Obesity: The DIP diet plan is also effective in promoting weight loss and reducing the risk of obesity. The diet is low in calories and high in fiber, which helps to promote feelings of fullness and prevent overeating.

Digestive problems: The DIP diet plan may also help to improve digestive health. The high fiber content in the diet can help to prevent constipation and promote regular bowel movements.

High blood pressure: The DIP diet plan is low in sodium and high in potassium, which are important nutrients for regulating blood pressure. The diet may be effective in reducing high blood pressure and the risk of related cardiovascular diseases.

Asthma: The anti-inflammatory properties of the DIP diet plan may help to reduce inflammation in the airways and improve symptoms of asthma.

Arthritis: The DIP diet plan is rich in anti-inflammatory compounds, such as omega-3 fatty acids and antioxidants, which may help to reduce inflammation and joint pain associated with arthritis.

Depression: The DIP diet plan is rich in nutrients, such as magnesium and folate, which are important for maintaining good mental health. The diet may help to improve symptoms of depression and promote overall well-being.

Cognitive decline: The DIP diet plan is high in antioxidants and other nutrients that are important for maintaining good brain health. The diet may help to reduce the risk of cognitive decline and improve cognitive function in older adults.

Type 2 diabetes: The DIP diet plan is low in processed foods and refined carbohydrates, which may help to regulate blood sugar levels and reduce the risk of type 2 diabetes.

Insomnia: The DIP diet plan is rich in magnesium, which is important for promoting relaxation and sleep. The diet may help to improve sleep quality and reduce symptoms of insomnia.

Digestive disorders: The DIP diet plan is high in fiber and nutrients that promote healthy digestion and gut health. The diet may help to reduce symptoms of digestive disorders such as constipation, bloating, and irritable bowel syndrome (IBS).

Osteoporosis: The DIP diet plan is rich in calcium, vitamin D, and other nutrients that are important for maintaining strong bones. The diet may help to reduce the risk of osteoporosis and other bone-related conditions.

Acne: The anti-inflammatory properties of the DIP diet plan may help to reduce inflammation in the skin and improve symptoms of acne.

Migraines: The DIP diet plan is low in common migraine triggers such as caffeine, alcohol, and processed foods. The diet may help to reduce the frequency and severity of migraines.

Allergies: The DIP diet plan is rich in anti-inflammatory compounds and nutrients that may help to reduce inflammation and allergic reactions in the body.

Chronic fatigue syndrome: The DIP diet plan is rich in nutrients that promote energy and reduce fatigue, such as iron, magnesium, and B vitamins. The diet may help to improve symptoms of chronic fatigue syndrome.

Endometriosis: The anti-inflammatory properties of the DIP diet plan may help to reduce inflammation in the body and improve symptoms of endometriosis.

Polycystic ovary syndrome (PCOS): The DIP diet plan is low in processed foods and refined carbohydrates, which may help to regulate insulin levels and improve symptoms of PCOS. The diet is also high in nutrients that are important for hormonal balance, such as magnesium and vitamin D.

Conclusion:

In conclusion, the DIP Diet plan is a plant-based diet that emphasizes the consumption of whole, natural foods. It is suitable for vegetarians, vegans, and anyone who wants to adopt a healthier eating lifestyle.

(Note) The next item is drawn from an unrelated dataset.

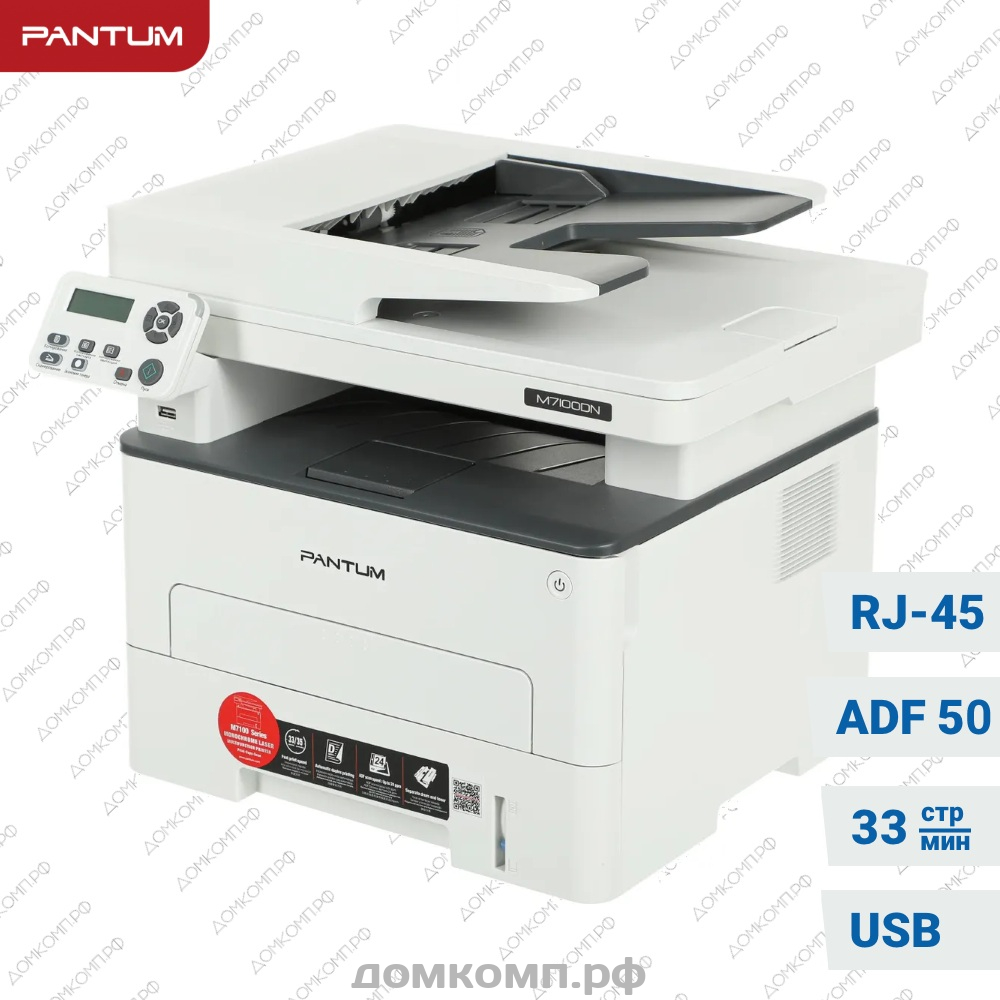 МФУ Pantum M7100DN это отличный вариант качественного многофункционального оборудования по низкой цене. Устройство позволяет выполнять копирование, сканирование и печать документов в высоком качестве. Несомненным плюсом выступает совместимость с операционными системами Windows, Linux, Mac OS, что делает возможным использование лазерного принтера с различными компьютерами это важный плюс при работе в офисе. Встроенный сервер сетевой печати позволяет удобно распределять документы от нескольких пользователей. В наличии сетевой разъем RJ-45 для быстрой интеграции устройства в сеть предприятия.
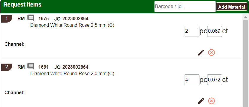 • In the material section the list of materials added for that Job Order are shown. In the Req Qty field, add the quantity of each item to be requested.

The diet plan is structured into three steps, with each step designed to provide the body with the necessary nutrients for optimal health. While the DIP Diet plan is not a quick fix for weight loss, it can promote weight loss in a healthy and sustainable way, while also improving overall health and well-being.

Reducing cholesterol levels in the body is essential for maintaining good health. The DIP Diet plan, along with the above-mentioned tips, can help in reducing cholesterol levels in the body.

FAQ

References:

  1. Mayo Clinic: “Reduce cholesterol”. [link]
  2. Harvard Health Publishing:
  3. The Mayo Clinic recommends healthy carbohydrates, including fruits, vegetables, whole grains, and legumes [link}.